WHAT THE EXERCISE ASKS -> Among the entries below, only the lines starting at the one with "선택하여 신청서를 작성합니다." and ending at the one with "is niet bekend.", both included, are to be printed exactly.

Stored dataset items ->
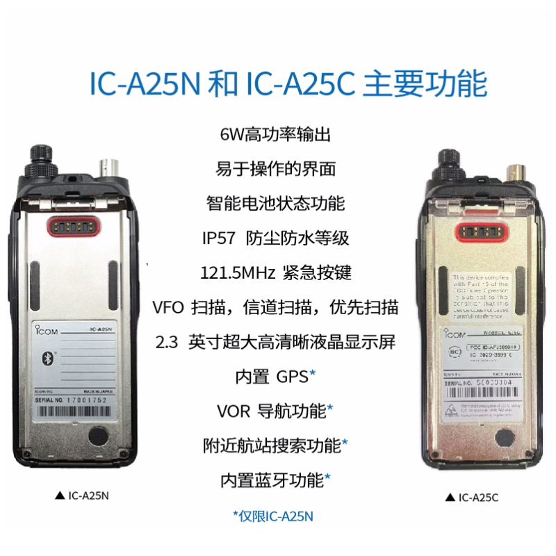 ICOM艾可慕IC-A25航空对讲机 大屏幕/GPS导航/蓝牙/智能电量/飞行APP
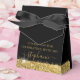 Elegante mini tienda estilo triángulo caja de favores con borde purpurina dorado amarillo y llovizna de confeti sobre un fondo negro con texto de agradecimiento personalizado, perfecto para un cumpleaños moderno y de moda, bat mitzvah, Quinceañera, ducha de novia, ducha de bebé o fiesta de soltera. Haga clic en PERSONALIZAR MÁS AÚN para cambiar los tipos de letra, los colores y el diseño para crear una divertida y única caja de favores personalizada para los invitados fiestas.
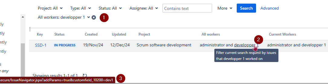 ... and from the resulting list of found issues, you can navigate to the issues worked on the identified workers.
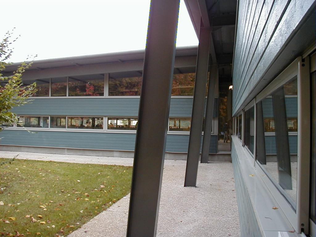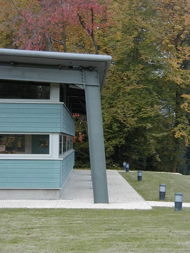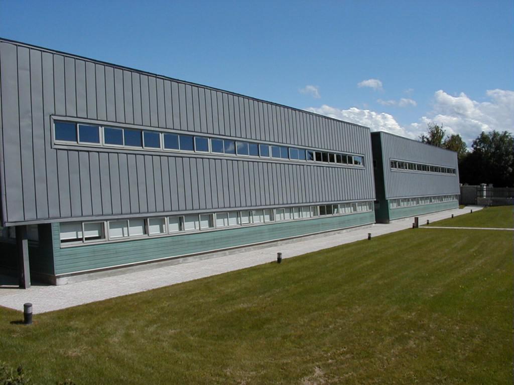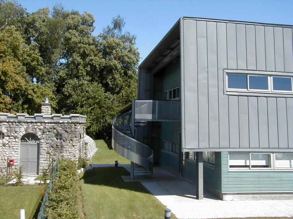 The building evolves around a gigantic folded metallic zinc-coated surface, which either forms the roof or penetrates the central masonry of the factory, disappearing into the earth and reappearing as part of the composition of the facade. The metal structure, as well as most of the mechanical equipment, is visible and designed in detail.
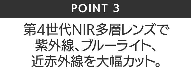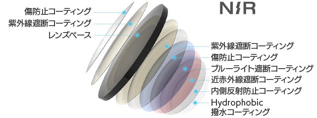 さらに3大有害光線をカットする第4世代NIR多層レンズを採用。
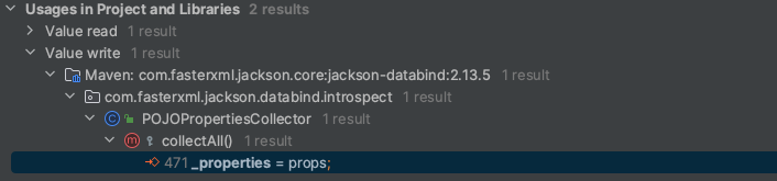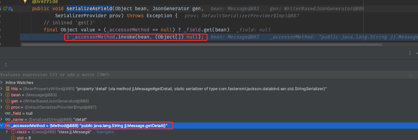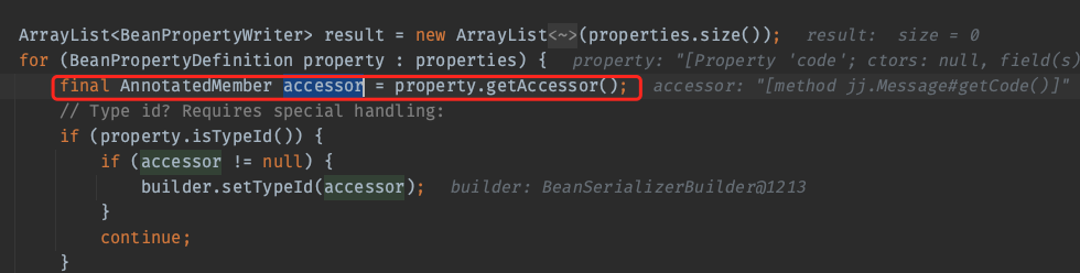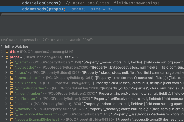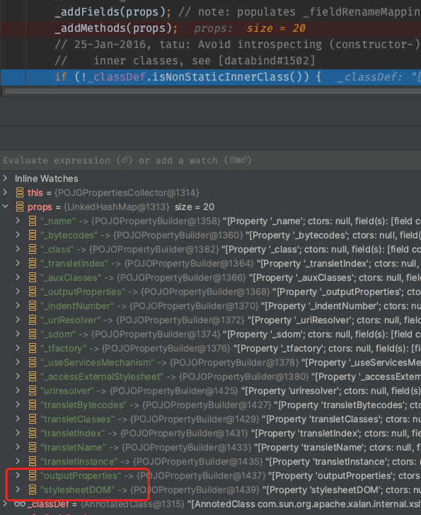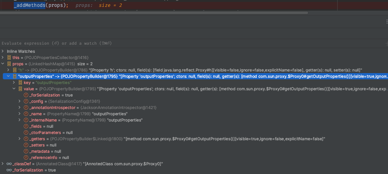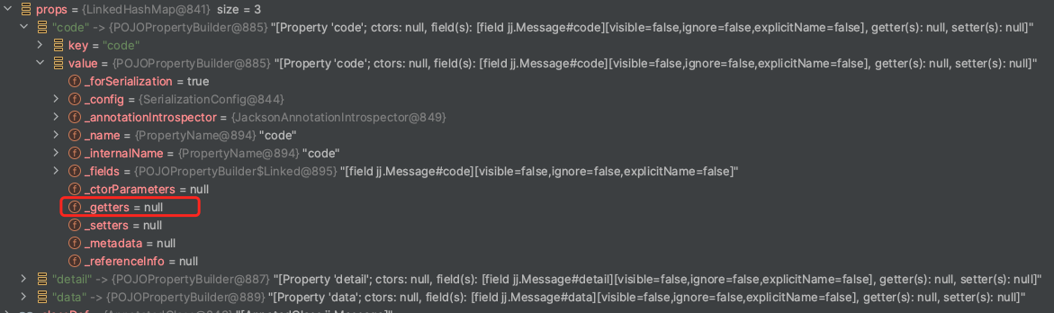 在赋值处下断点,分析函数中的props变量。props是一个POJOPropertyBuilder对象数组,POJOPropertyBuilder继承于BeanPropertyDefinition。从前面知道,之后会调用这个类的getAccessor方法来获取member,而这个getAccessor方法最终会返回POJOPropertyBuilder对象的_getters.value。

...

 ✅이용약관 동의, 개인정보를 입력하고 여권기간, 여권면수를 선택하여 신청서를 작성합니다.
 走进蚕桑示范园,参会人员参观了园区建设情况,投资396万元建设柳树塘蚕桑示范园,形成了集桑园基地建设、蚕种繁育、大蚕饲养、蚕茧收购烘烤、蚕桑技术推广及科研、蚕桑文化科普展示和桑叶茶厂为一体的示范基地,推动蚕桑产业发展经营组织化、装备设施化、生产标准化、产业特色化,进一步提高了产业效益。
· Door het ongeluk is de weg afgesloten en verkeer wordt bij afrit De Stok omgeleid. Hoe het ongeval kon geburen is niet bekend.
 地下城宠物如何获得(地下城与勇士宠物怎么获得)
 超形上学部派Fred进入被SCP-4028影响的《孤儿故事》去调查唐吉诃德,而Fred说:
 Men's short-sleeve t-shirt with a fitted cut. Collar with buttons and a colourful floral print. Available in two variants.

RESULT ->
 ✅이용약관 동의, 개인정보를 입력하고 여권기간, 여권면수를 선택하여 신청서를 작성합니다.
 走进蚕桑示范园,参会人员参观了园区建设情况,投资396万元建设柳树塘蚕桑示范园,形成了集桑园基地建设、蚕种繁育、大蚕饲养、蚕茧收购烘烤、蚕桑技术推广及科研、蚕桑文化科普展示和桑叶茶厂为一体的示范基地,推动蚕桑产业发展经营组织化、装备设施化、生产标准化、产业特色化,进一步提高了产业效益。
· Door het ongeluk is de weg afgesloten en verkeer wordt bij afrit De Stok omgeleid. Hoe het ongeval kon geburen is niet bekend.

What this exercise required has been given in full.